■ REQUIRED WORK ■
Nothing but the lines from the start of the entries through the line holding "- Soldar un" is to be repeated, exactly and with pictures excluded.

(Source data)

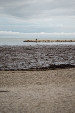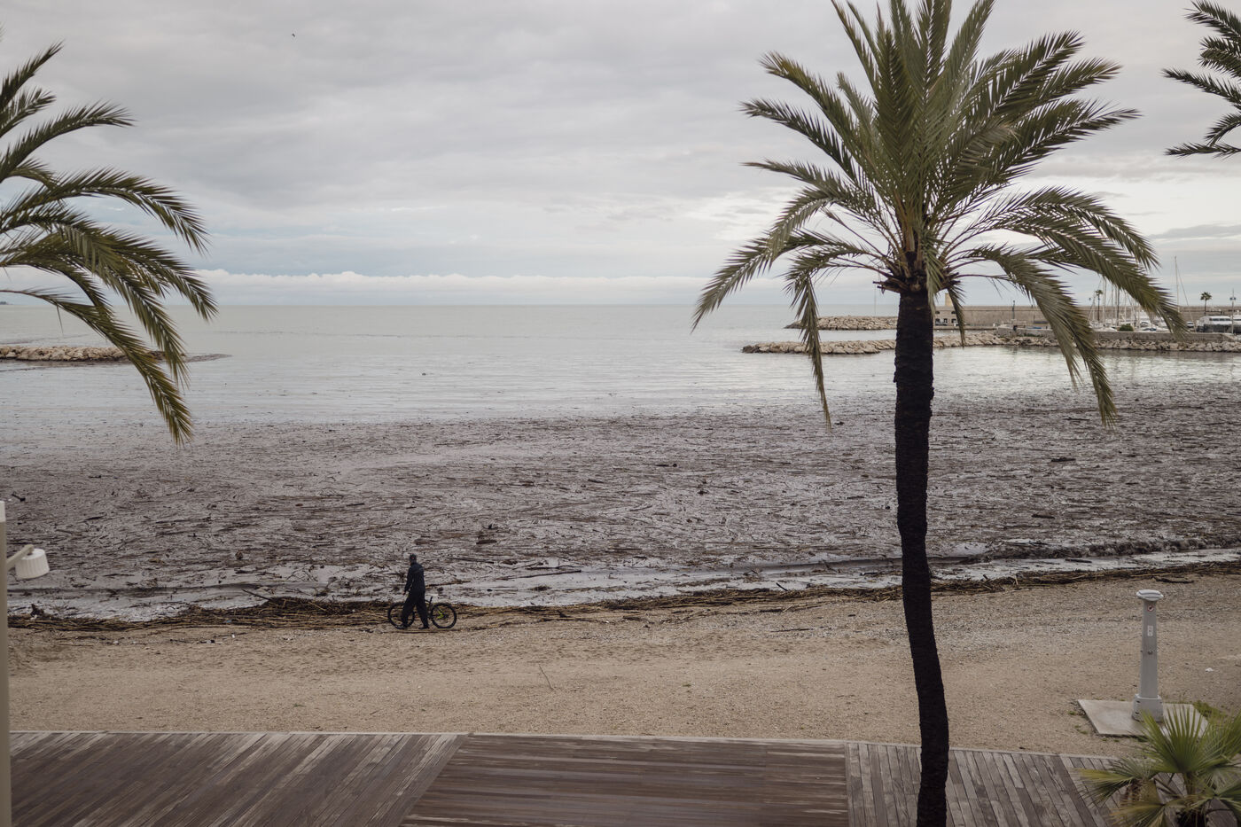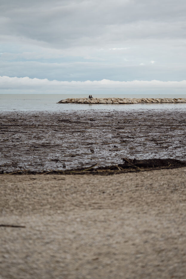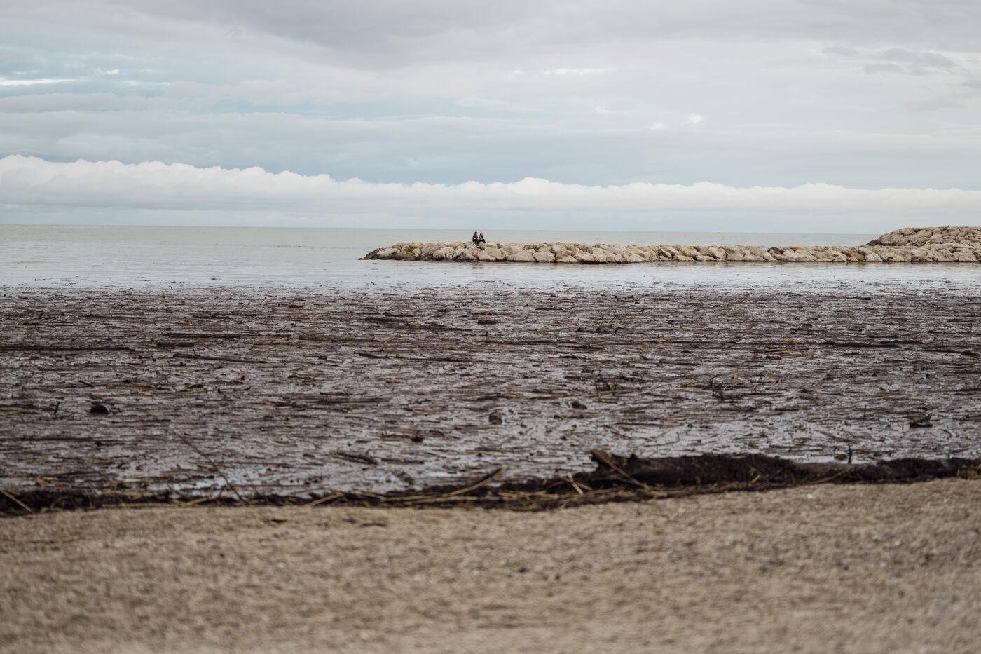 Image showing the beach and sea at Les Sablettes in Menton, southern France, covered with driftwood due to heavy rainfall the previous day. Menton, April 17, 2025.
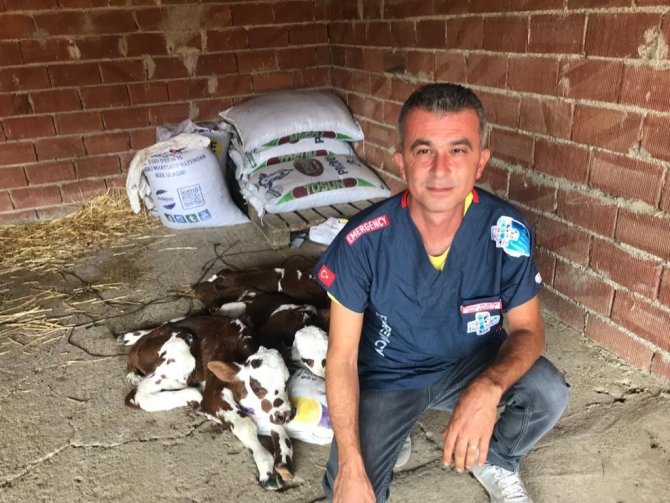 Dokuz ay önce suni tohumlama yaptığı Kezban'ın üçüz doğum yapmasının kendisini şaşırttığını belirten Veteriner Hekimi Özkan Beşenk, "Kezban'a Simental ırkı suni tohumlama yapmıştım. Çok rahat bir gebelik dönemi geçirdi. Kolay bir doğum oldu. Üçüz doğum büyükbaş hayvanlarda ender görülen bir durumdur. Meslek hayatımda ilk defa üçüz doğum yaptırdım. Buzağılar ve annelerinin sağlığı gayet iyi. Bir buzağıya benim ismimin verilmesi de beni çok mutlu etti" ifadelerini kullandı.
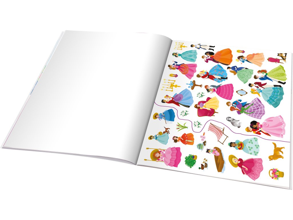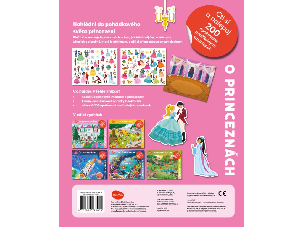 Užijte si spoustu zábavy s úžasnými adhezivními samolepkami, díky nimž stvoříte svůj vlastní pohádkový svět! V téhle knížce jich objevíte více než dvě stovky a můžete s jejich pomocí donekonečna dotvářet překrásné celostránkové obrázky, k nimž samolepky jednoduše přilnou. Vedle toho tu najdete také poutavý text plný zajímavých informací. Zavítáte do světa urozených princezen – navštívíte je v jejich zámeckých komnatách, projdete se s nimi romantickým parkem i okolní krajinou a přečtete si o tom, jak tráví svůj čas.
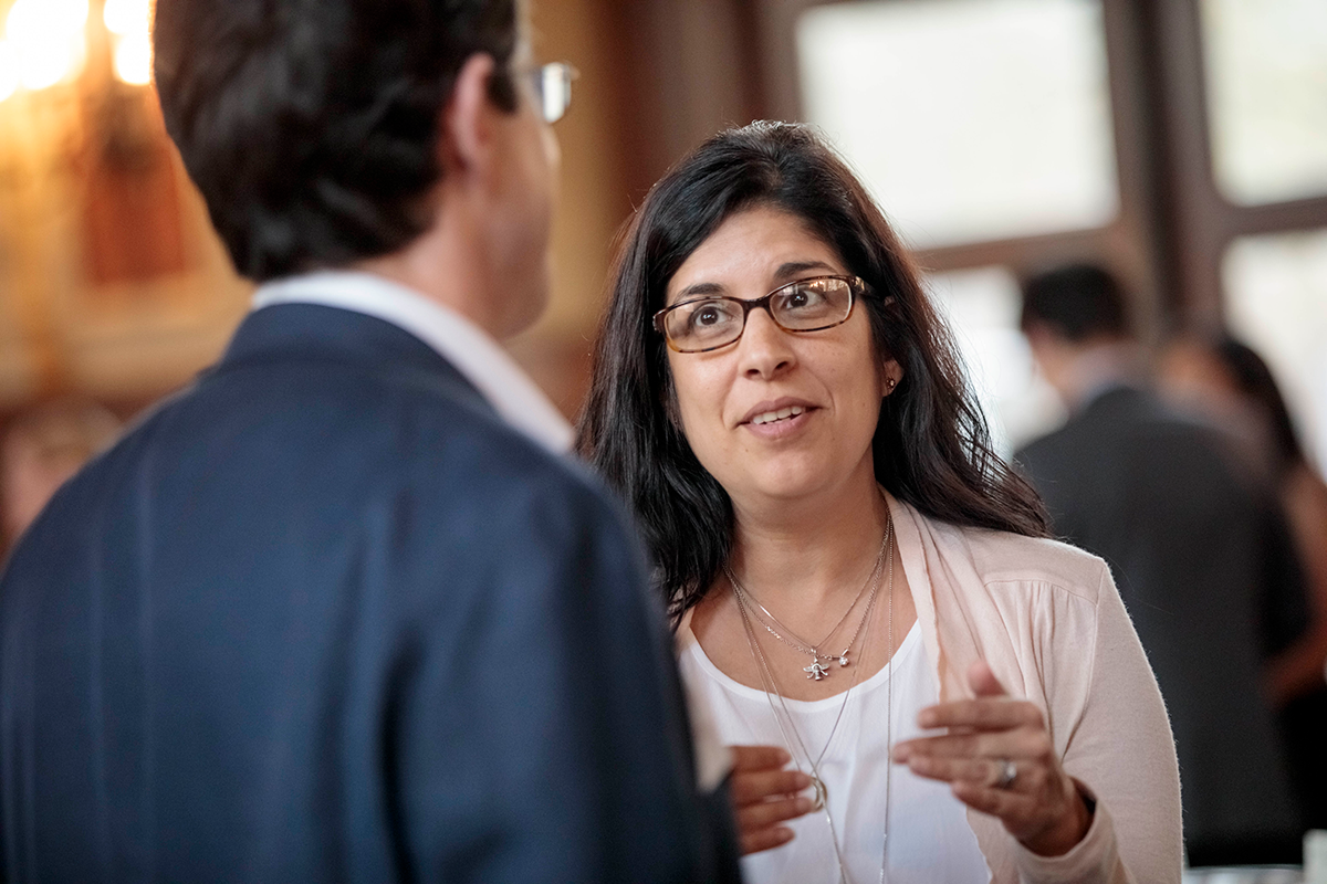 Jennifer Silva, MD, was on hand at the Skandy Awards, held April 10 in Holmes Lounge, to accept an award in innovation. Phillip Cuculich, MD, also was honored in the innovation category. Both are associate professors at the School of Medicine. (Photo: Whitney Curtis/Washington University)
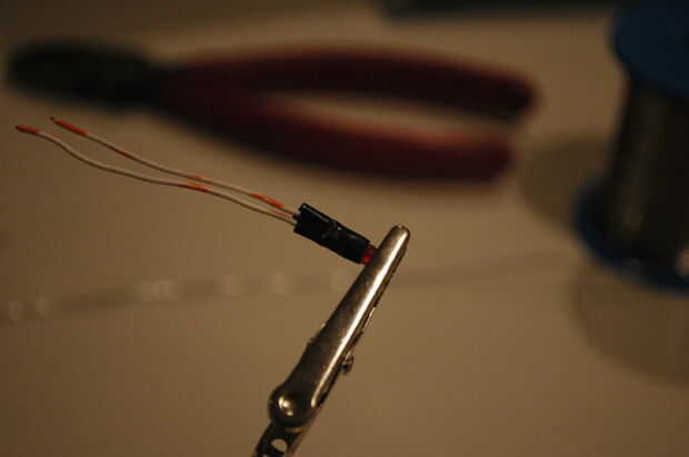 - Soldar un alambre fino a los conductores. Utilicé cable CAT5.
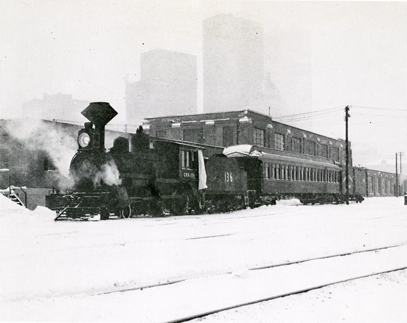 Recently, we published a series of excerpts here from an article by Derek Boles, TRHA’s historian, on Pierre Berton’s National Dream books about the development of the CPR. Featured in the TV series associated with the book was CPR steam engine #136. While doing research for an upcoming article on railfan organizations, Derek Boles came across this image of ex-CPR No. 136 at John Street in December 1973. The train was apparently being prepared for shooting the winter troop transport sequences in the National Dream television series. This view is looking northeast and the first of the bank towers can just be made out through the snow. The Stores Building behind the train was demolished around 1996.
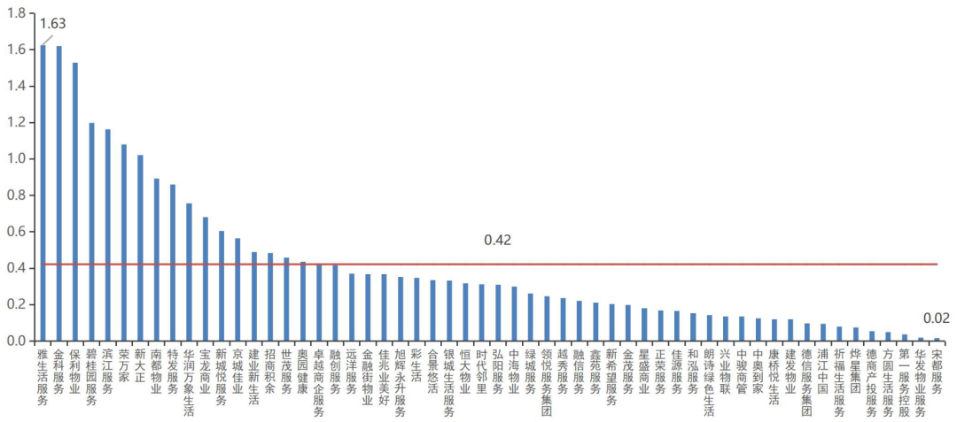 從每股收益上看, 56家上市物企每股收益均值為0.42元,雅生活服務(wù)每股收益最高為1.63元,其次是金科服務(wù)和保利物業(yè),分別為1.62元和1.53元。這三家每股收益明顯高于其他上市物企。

■ ANSWER TO THIS TASK ■
 Image showing the beach and sea at Les Sablettes in Menton, southern France, covered with driftwood due to heavy rainfall the previous day. Menton, April 17, 2025.
 Dokuz ay önce suni tohumlama yaptığı Kezban'ın üçüz doğum yapmasının kendisini şaşırttığını belirten Veteriner Hekimi Özkan Beşenk, "Kezban'a Simental ırkı suni tohumlama yapmıştım. Çok rahat bir gebelik dönemi geçirdi. Kolay bir doğum oldu. Üçüz doğum büyükbaş hayvanlarda ender görülen bir durumdur. Meslek hayatımda ilk defa üçüz doğum yaptırdım. Buzağılar ve annelerinin sağlığı gayet iyi. Bir buzağıya benim ismimin verilmesi de beni çok mutlu etti" ifadelerini kullandı.
 Užijte si spoustu zábavy s úžasnými adhezivními samolepkami, díky nimž stvoříte svůj vlastní pohádkový svět! V téhle knížce jich objevíte více než dvě stovky a můžete s jejich pomocí donekonečna dotvářet překrásné celostránkové obrázky, k nimž samolepky jednoduše přilnou. Vedle toho tu najdete také poutavý text plný zajímavých informací. Zavítáte do světa urozených princezen – navštívíte je v jejich zámeckých komnatách, projdete se s nimi romantickým parkem i okolní krajinou a přečtete si o tom, jak tráví svůj čas.
 Jennifer Silva, MD, was on hand at the Skandy Awards, held April 10 in Holmes Lounge, to accept an award in innovation. Phillip Cuculich, MD, also was honored in the innovation category. Both are associate professors at the School of Medicine. (Photo: Whitney Curtis/Washington University)
 - Soldar un alambre fino a los conductores. Utilicé cable CAT5.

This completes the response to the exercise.